Neither of these two cases supports a broad assertion that claims to researcher-participant confidentiality will always be upheld, given that the Wigmore framework is to be applied on a case-by-case basis. What they do demonstrate however, is that in the presence of competing interests, researcher-participant confidentiality will likely only be displaced where the researcher’s assurance of confidentiality was not itself integral to the research process and / or where a competing public interest in having access to the information is strong enough to predominate.

There is a best practice that emerges from this discussion for both researchers and REBs.  Researchers should act with the utmost good faith towards research participants and in light of potential legal limitations, refrain from offering absolute guarantees with respect to the maintenance of confidentiality.  The integrity of the research process may be imperilled if these guarantees cannot be upheld.

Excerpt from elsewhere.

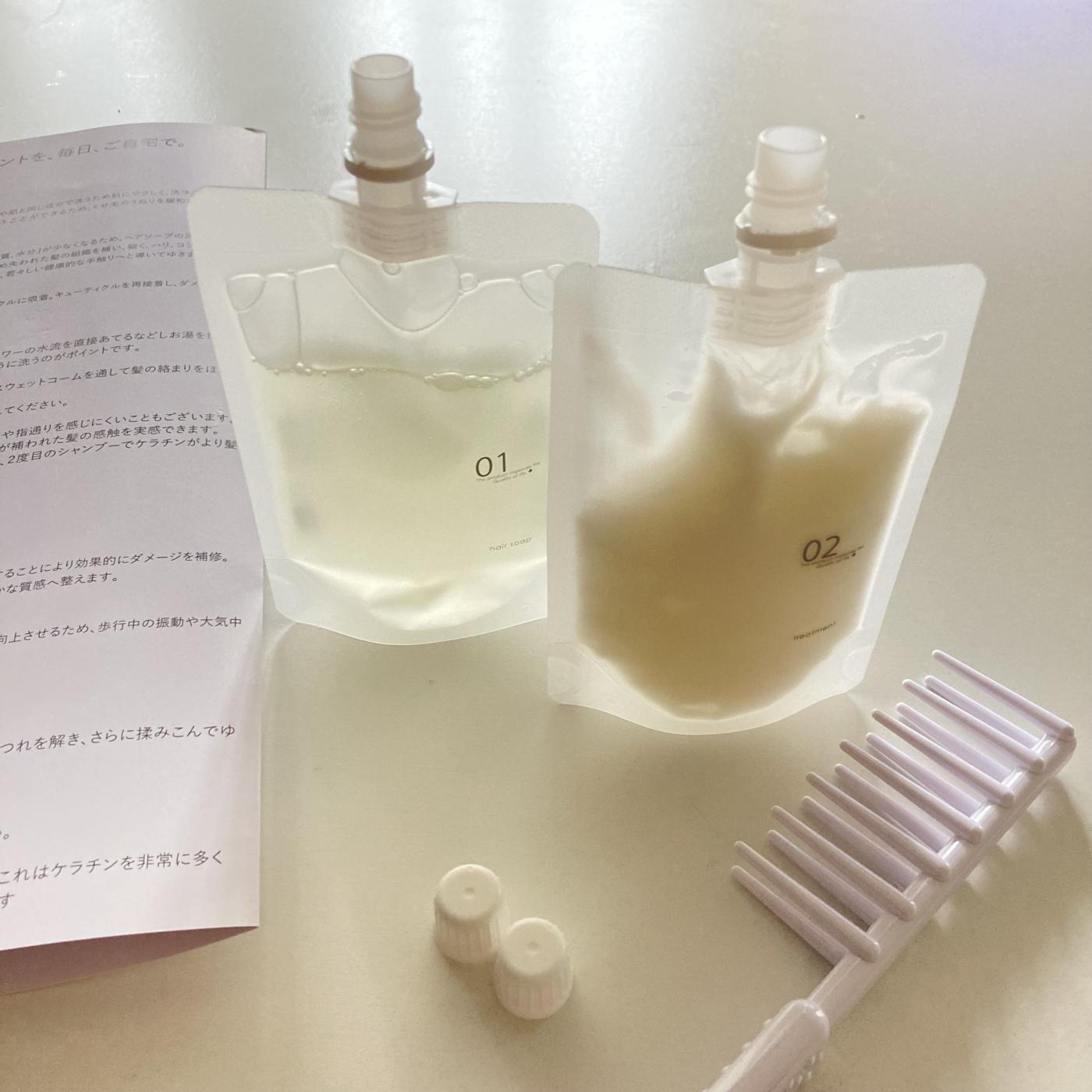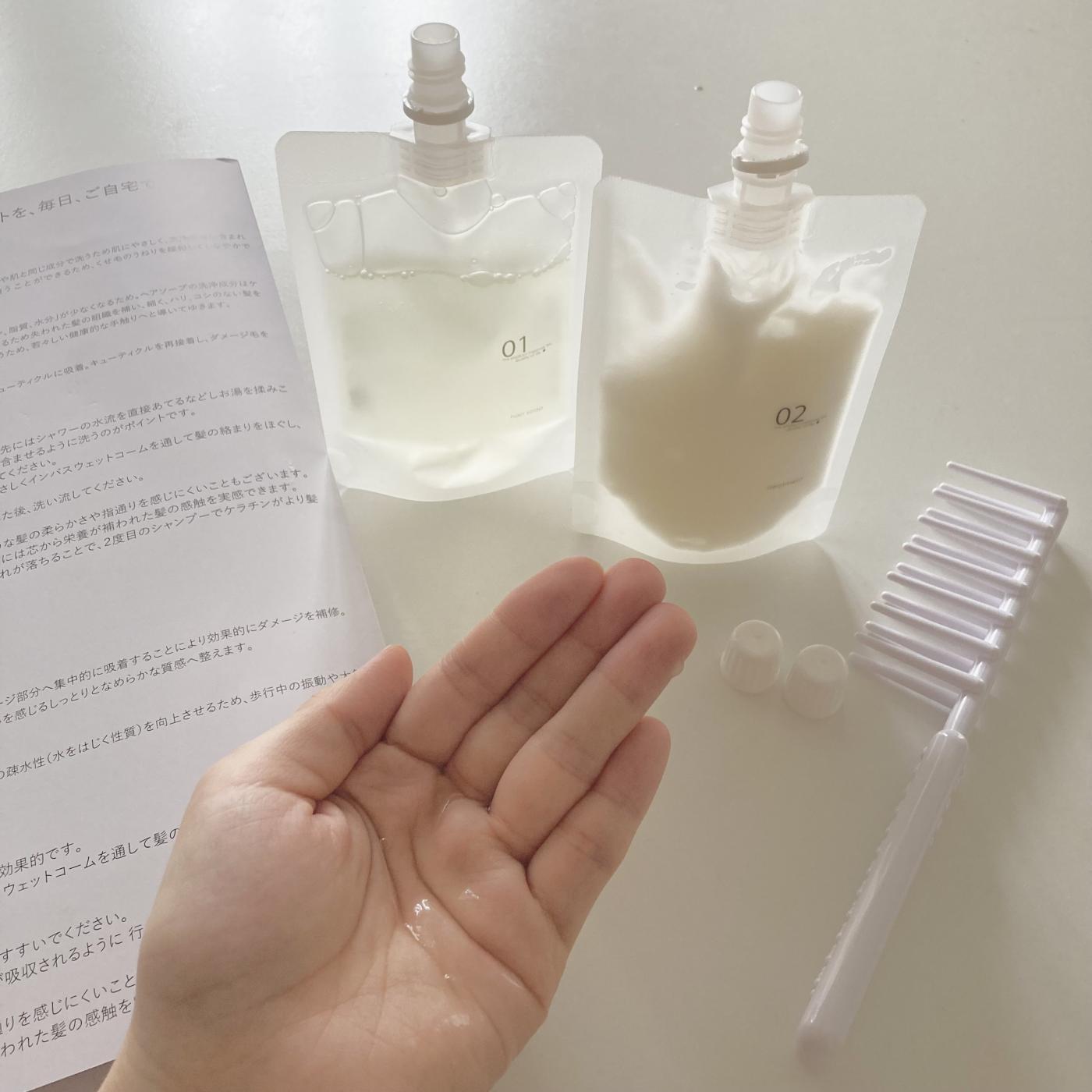 ヘアソープは少しとろみのある感じで泡立ちも良い!専用のコームで髪を解いてマッサージしながら洗って泡のついた状態で2〜3分放置するのがポイントなんだとか!
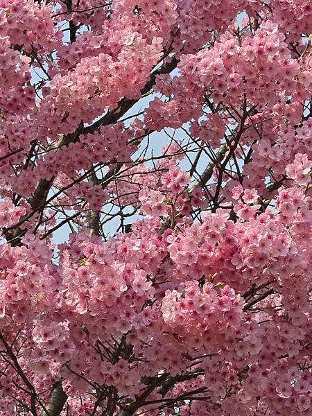 這裡的大寒櫻形成櫻花隧道,只不過有些已經長出綠葉了。

Future research participants may be reticient to engage in research activities, especially those dealing with highly sensitive issues.  Furthermore, researchers may face legal jeopardy vis a vis research participants if, ultimately, disclosure has to be made. 

At the recruitment stage, researchers should, therefore, make it clear to research participants that, while the researcher will take every practical step to ensure the confidentiality of the data to be collected, the researcher may have to make disclosures in compliance with lawful demands of law enforcement or in compliance with the orders of a court.  

It is not inconceivable that the REB could also face legal jeopardy where ethics clearance was granted without adequately insisting that, as a part of the informed consent process, research participants should have been advised of possible limitations to confidentiality.  For this reason, the REB should insist on this awareness being brought to the attention of research participants in the consent form.  

 

Audel Cunningham, LLB, LLM, LLM

Member, Humber Research Ethics Board

Professor, Faculty of Business

 


[1] For example, research into the socio-economic factors underlying juvenile delinquency would require the REB to insist upon strong data protection protocols if research participants include juveniles who are active members of criminal gangs.